De toekomst van de mijn
Bijna twee decennia na het verlaten van de Mk 60 CAPTOR, besloot de Amerikaanse marine terug te keren naar het vergeten concept van een mijn-torpedosysteem of een homing mine. Daarnaast worden er andere nieuwe modellen ontwikkeld in de klasse van mijnwapens. Verwacht wordt dat in de komende 3-5 jaar het veelbelovende Hammer-Fish-complex alle controles zal doorstaan en in gebruik zal worden genomen, waardoor het anti-onderzeeërpotentieel van de marine wordt uitgebreid.

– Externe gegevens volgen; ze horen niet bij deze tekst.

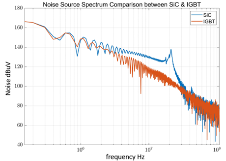 圖2 重復性脈沖頻譜對比,相較IGBT可看到由于SiC高速開關帶來的MHz級幅值抬升,以及振蕩帶來的20MHz左右頻譜尖峰
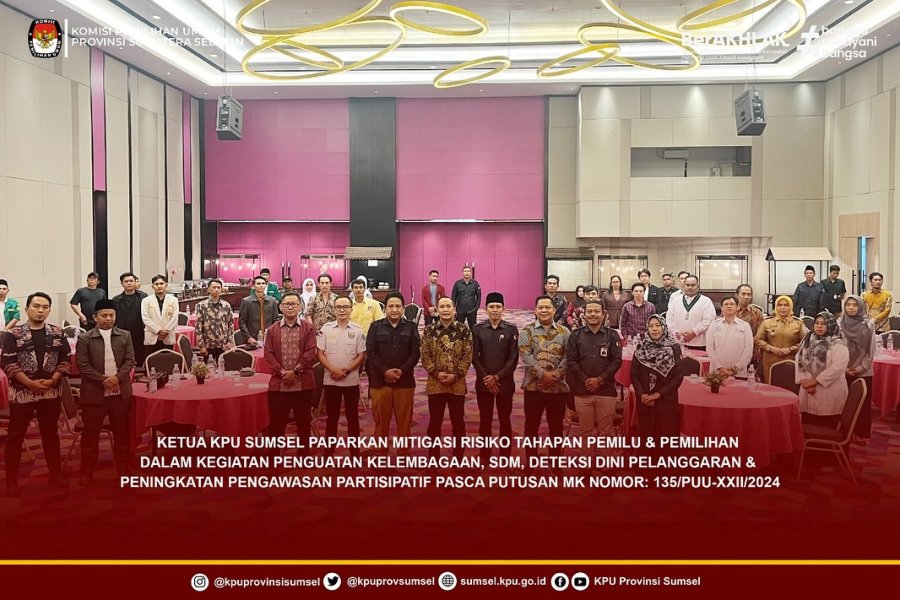 #Repost KPU Provinsi Sumatera Selatan #Temanpemilih Ketua KPU Sumsel, Bapak Andika Pranata Jaya sampaikan Mitigasi Risiko Tahapan Pemilu dan Pemilihan dalam kegiatan penguatan kelembagaan, SDM, deteksi dini pelanggaran dan peningkatan pengawasan partisipatif pasca putusan Mahkamah Konstitusi Nimor: 135/PUU-XXII/2024 Bawaslu Kabupaten Ogan Komering Ulu Selatan di Hotel The Zuri Baturaja, Jum'at (29/8/2025).
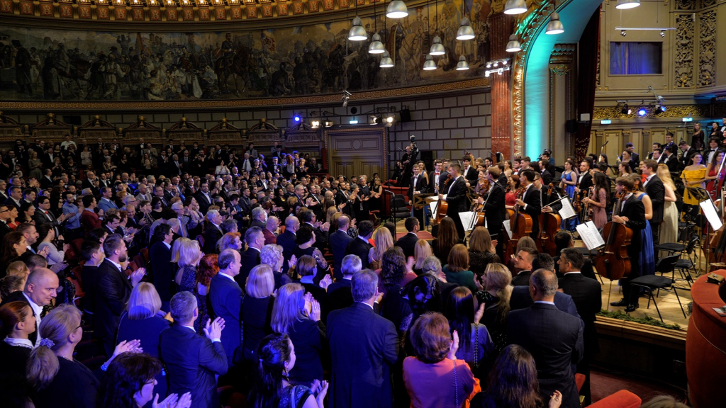 Bucarest, 15 de enero de 2020. En el marco de las celebraciones por el Día Nacional de la Cultura Rumana, el embajador de Cuba, Roberto César Hamilton, invitado por el ministro de cultura, participó en el concierto de gala extraordinaria de la Orquesta Rumana de Jóvenes, desarrollada en el Ateneo Rumano.

Een dergelijk optimisme kan echter overdreven zijn - het project wordt al in de zeer vroege stadia geconfronteerd met enkele problemen. Dus om een aantal redenen is de keuze van de ontwikkelaar en fabrikant vertraagd, wat een negatief effect kan hebben op de volgende fasen van het project. Bovendien kunnen moeilijkheden niet worden uitgesloten in het stadium van het maken en testen van nieuwe bedieningselementen en andere apparatuur - dergelijke problemen neutraliseren de tijd- en kostenbesparingen door het gebruik van een voltooide torpedo.
De toekomst van het nieuwe project hangt direct af van gerelateerde ontwikkelingen. Er wordt aangenomen dat Hammerhead de beste resultaten zal laten zien in combinatie met zware onbemande onderwatervoertuigen. Dergelijke apparatuur is nog niet klaar voor gebruik en zonder deze zal het niet mogelijk zijn om het volledige potentieel van het mijn- en torpedocomplex te realiseren. De makers van XLUUV en andere soortgelijke projecten hebben echter een tijdsmarge voordat de werkzaamheden aan het nieuwe wapen zijn voltooid.
Zo wil de Amerikaanse marine de nog lege nis op het gebied van mijn- en torpedowapens opvullen door middel van een nieuw complex van een reeds bekende klasse. De Hammerhead-zeemijn zal een groot potentieel hebben en daarom van groot belang zijn voor de vloot. De ontwikkeling van een dergelijk product zal echter niet snel en eenvoudig zijn, wat kan leiden tot vertragingen in alle stadia, evenals problemen tijdens de implementatie- en implementatiefasen. In de komende jaren zal duidelijk worden of het mogelijk zal zijn om deze moeilijkheden het hoofd te bieden en de mijnen terug te geven aan de vloot.